***** INFORMATION PROVIDED *****

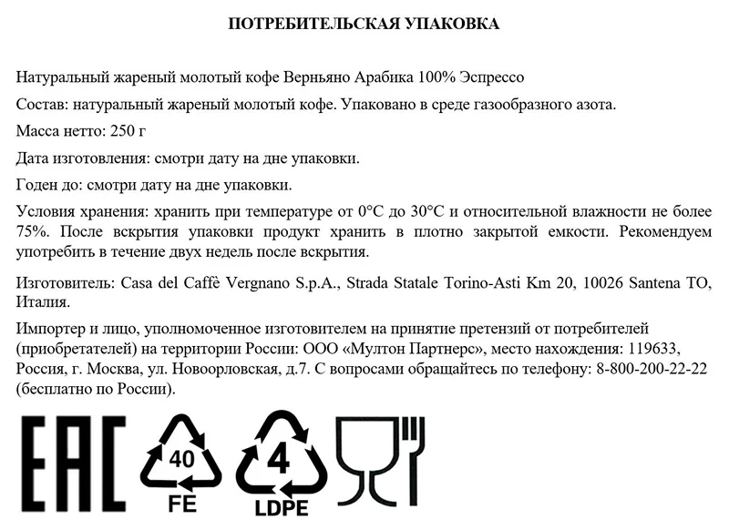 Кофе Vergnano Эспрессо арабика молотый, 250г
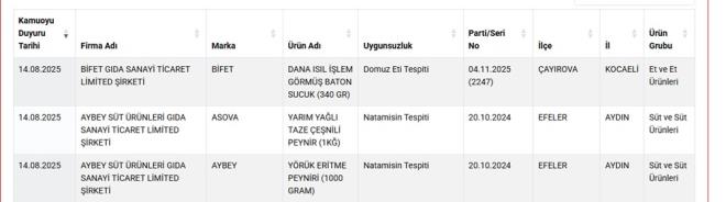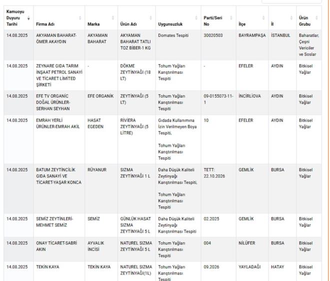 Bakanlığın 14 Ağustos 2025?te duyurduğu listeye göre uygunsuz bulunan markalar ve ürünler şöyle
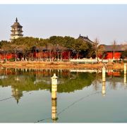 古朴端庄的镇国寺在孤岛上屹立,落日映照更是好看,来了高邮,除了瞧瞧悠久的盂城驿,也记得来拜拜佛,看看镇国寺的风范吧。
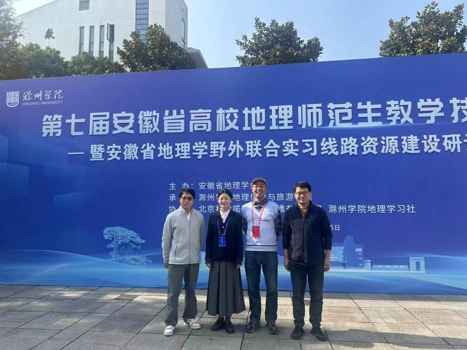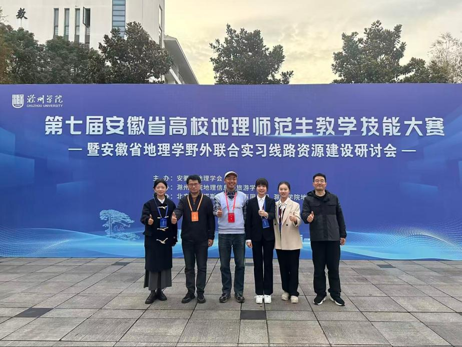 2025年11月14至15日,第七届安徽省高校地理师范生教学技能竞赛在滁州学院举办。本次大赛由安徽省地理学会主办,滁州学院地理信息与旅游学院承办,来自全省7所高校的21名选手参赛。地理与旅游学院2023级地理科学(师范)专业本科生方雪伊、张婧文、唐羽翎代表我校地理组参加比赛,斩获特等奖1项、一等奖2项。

*****

### TASK TO CARRY OUT
Hand back the data above exactly, leaving out all pictures.

### COMPLETED EXERCISE
 Кофе Vergnano Эспрессо арабика молотый, 250г
 Bakanlığın 14 Ağustos 2025?te duyurduğu listeye göre uygunsuz bulunan markalar ve ürünler şöyle
 古朴端庄的镇国寺在孤岛上屹立,落日映照更是好看,来了高邮,除了瞧瞧悠久的盂城驿,也记得来拜拜佛,看看镇国寺的风范吧。
 2025年11月14至15日,第七届安徽省高校地理师范生教学技能竞赛在滁州学院举办。本次大赛由安徽省地理学会主办,滁州学院地理信息与旅游学院承办,来自全省7所高校的21名选手参赛。地理与旅游学院2023级地理科学(师范)专业本科生方雪伊、张婧文、唐羽翎代表我校地理组参加比赛,斩获特等奖1项、一等奖2项。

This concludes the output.